Ray was out the next day. The folks in the other cell were sent back to the cell-block that day too. I was never interviewed but the guards were clearly pissed off. The rest of the time I spent in solitary were the most pleasant I’d spent locked-up. Samuel’s sessions on meditation down in the kiva in New Mexico came in handy. I sat cross-legged in the dark and simply watched my breath, listened to my heart pulse through my arteries, and took advantage of the acoustics of the concrete cell to chant, “Om… ah… hum.” I let my voice hold each Om until a whole other vibration bounced off the concrete walls and melded with it… took over and carried my chants with a resonance of its own. I felt as though I could have opened the cell doors with the vibration if I worked on it. This noise drove the guards on watch crazy. I did it until they demanded I stop and started up again when they went on their rounds.
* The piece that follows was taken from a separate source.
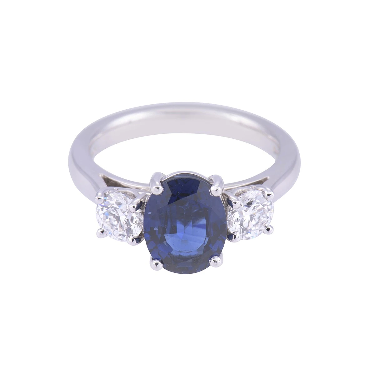 Platinum oval cut sapphire 2.27ct and round brilliant 0.76ct 3 stone
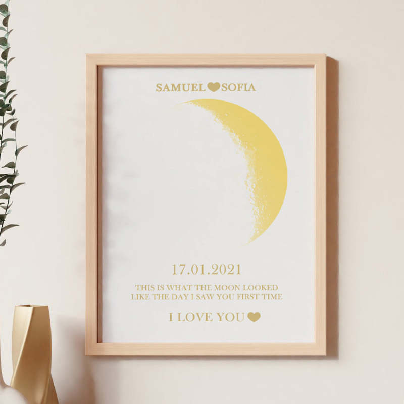 Leer de maanfasen en gepersonaliseerde namen met ons aangepaste houten frame voor maanfasen en namen. Voer een geboortedatum in om de cyclus van de maan te ervaren en ontdek hoe het is om op de maan te leven. Met acht verschillende fasen en aanpasbare tekst is dit frame een educatieve en unieke toevoeging aan de collectie van elke ruimteliefhebber.

Ray had his trustee job back and he added some sandwiches to the grits and water as a peace gesture whenever he got a chance. He told me that it cost the jail a small fortune to have all the covers welded back in place over the rails from the so-called jail-break and that it wasn’t likely I’d be getting back upstairs anytime soon. This wasn’t entirely bad news for me as I took to solitary confinement much better than I would have thought. There was no telling day from night, except for meal time once a day. I’d do some exercise… stretches, jumping jacks, push-ups and then sleep or meditate.
Even though Ray was providing a few extra baloney sandwiches now and then there weren’t calories enough to keep me from losing weight. My jailhouse pants had to be held with one hand or allowed to drop to the floor. I had to kick them off when I exercised. Mostly, however, I meditated. I sat on the cold concrete floor and practiced breathing… allowed my mind to ramble through the events that got me in jail. I thought about the Jesus freaks talking shit about ‘the end times’ but I also thought about what it might mean to have a personal relationship with what they called God… whatever God was.
I wondered, “What is this bit about being ‘Born Again’? How come I’ve never heard of it before? What does it mean to be ‘Saved’? And ‘Saved’ from what? Hell? What Hell could be worse than this one? Wasn’t it enough to be saved from this Hell?” I thought about the experience on the beach in Waikiki and remembered feeling as though I was close to a cosmic truth then and how that feeling didn’t last. Once I came down off the acid I was pretty much the same. But wasn’t my hunt for the mountain lion spiritual? Wasn’t the universal love I felt after the Peyote Ceremony a ‘Born Again’ experience? What about the surge of love and forgiveness for Hoss Bozz? And then Daphne..., Oh shit, came the next thought barging through doors I tried to shut, I'm fuckin' damned.
I considered all these things sitting there in the dark on dank and cold concrete for two more weeks before they sent me back to the cell block.
People came and went with court dates, Jo-Bob and Red were gone, but I had yet to hear anything from anyone concerning my case. I asked Officer Dunne a few times, but Dunne just shrugged his shoulders, “Now what did you git busted fer?”
“Something to do with selling drugs is my guess.”
Officer Dunn stopped and turned to me saying, “Oh, I knewed a girl what smoked that there Mary Wanna… she got herself knocked up, an’ she had herself a baby… and next thing ya knewed… oooh-weee! I swear to Gawd, that baby came out lookin’ like a frog!” and he walked away.
 I liked the man because, in his deeply ingrained Southern, and surreal way, he showed compassion.